23 July, 2007

Perhaps it's a bit hypocritical, with having a blog myself, but I just don't read blogs very often (aside from my friends, of course). I know that this is the zeitgeist, and everyone talks about how weblogging in the medium of the early 21st century, but I just don't follow those.

Guess I just can't get into them.

All this said, while bumping around the intertubes today, I found myself on a military blogging site (The Sandbox). I know that this shouldn't really be news to anyone, but it is the thinks like this that just depress the hell out of me more than anything else. Maybe I am partisan, and against Bush's War before it even started in '03, but I really wish that more people read these-- its too real.

It's a real privilege to live in a nation which handily has the most capable and powerful military force on the planet, and to remain a civilian. I think that the current U.S. armed forces number around 1.1 million (active plus reserves), which means that this accounts for about 0.3% of the total population. I'm pretty sure that I know more than 300 people, and until yesterday when I found a high school friend on facebook who enlisted after the Catastrophes of 2001, I know none. (To be completely fair, I haven't even spoken to him yet, so the number is essentially zero). In all truth, I think that most of the people I know don't know someone who is there. This insulation is at once unsettling and confusing.

About a week after the towers collapsed in New York, I found myself at the site, before the cleanup, before (literally) all the dust had settled yet. There are few experiences in someones life which can truly be described as haunting, but that is what the ruins in Manhattan were to me; it forced a detachment because it was too real. So many Americans--myself included-- have been fortunate enough to think of destruction and war as an abstract thing that happens "in other places" and only exists to us in history textbooks and movies; and then I think of the men and women in the deserts of the Middle East who are immersed-- quite literally, as one who drowns-- in war.

War is no stranger to this part of the world, or even to America, and the blood shed in the sand will join with the countless others who have fallen in battle in the millennia since the first cities in the land. How does one deal with history in the "present-tense"?

I tried to read as much as I could on the page, but each line of text was another impact. All of us are well aware of the scars-- physical, emotional, psychological, financial, familial, and social which every enlisted man and woman in the War has, are, and will face. This is reality, this is the world of man's own hand.

Today, I know one man who has been to Afghanistan, but in a year? I teach seniors at a high school, and too often I wonder which one of my students will know the trauma and pain from which I have been free? There are so many "ripe" eighteen year olds, and I see the recruiters in the school; I seek no malice against these men, they do their jobs, just as those around the world in uniform are commanded to do, and thank all the goodness and luck in the world that they had the good fortunate to be stationed in a school in Massachusetts.

The feeling after reading these blogs can probably best be described as "hollow." It certainly makes most things I do in an average day seem trivial.
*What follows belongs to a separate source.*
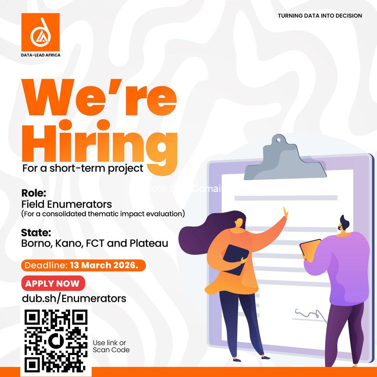 Data-Lead Africa is hiring Field Enumerators for a short-term consolidated thematic impact evaluation across Borno, Kano, FCT, and Plateau states. This project aims to assess program outcomes and support data-driven decision-making across these regions.

Yes, this is a jeremiad of sorts that I have seen no real war, and I have no desire to ever. It takes a certain bravery to volunteer for such service, and this is simply not a part of who I am. It's angering to think that this bravery has been taken advantage of. A war is a war, and it is always sacrificial, but all things about this aside, how is this even being done correctly?

The purpose of Bush's War aside (I think we can all agree that there essentially was none), the handling of non-combat both in Iraq and America is sickening. There is absolutely no direct goal of our forces there other than "survive," and even less at home. The last two years has been filled with stories about how our returning soldiers are mistreated by their own government, whether they are on a two-month leave before returning to the Mideast, or home after wounded discharge. So many wearing uniforms have given so much, but what of those at home? The fools who have justified this as a "just war" have drawn allusions to World War Two; if this is indeed a war which must be fought, where are the victory gardens, the oil rationing, the volunteer corps?
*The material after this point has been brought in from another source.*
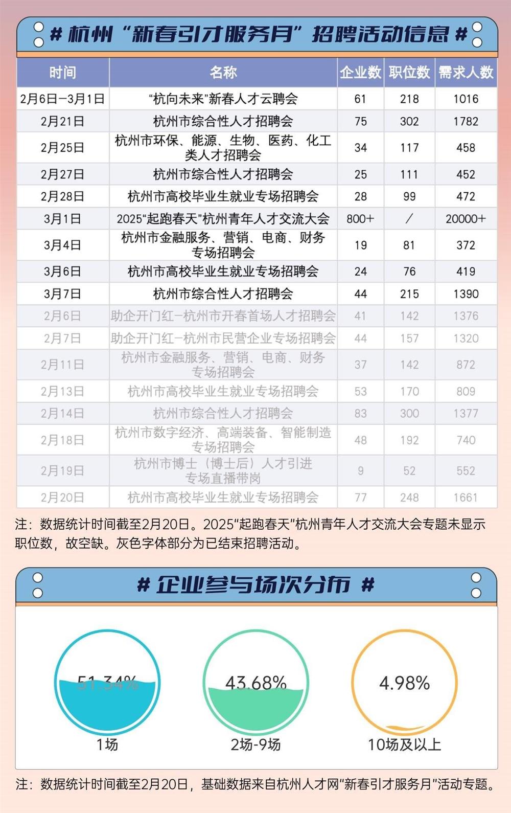 软硬件综合开发工程师、外贸运营专员、招商运营专员……2月20日9时至12时,杭州市高校毕业生就业专场招聘会在杭州市人才市场举行,77家参会企业累计提供248个岗位和1661个用人需求。以这场招聘会为代表,今年春节假期后,杭州启动“新春引才服务月”活动——2月6日至3月7日,杭州市级层面平均每2天就有1场招聘活动。

An army does not go to war, a nation does. Our leaders forget this, and too many at home do. This is on people's radar, but for too many, seems to be a faint aspect of life, as what will be on television this week. There is a war, and the news will report on trivialities. Things like this will only re-enforce the adage of "If you are not enraged, then you're not paying attention"

Read on, think, yell. I'm not sure what I meant to accomplish with this post, there is no grand thesis, or point with this diatribe.
I suppose that's just as much like Bush's War.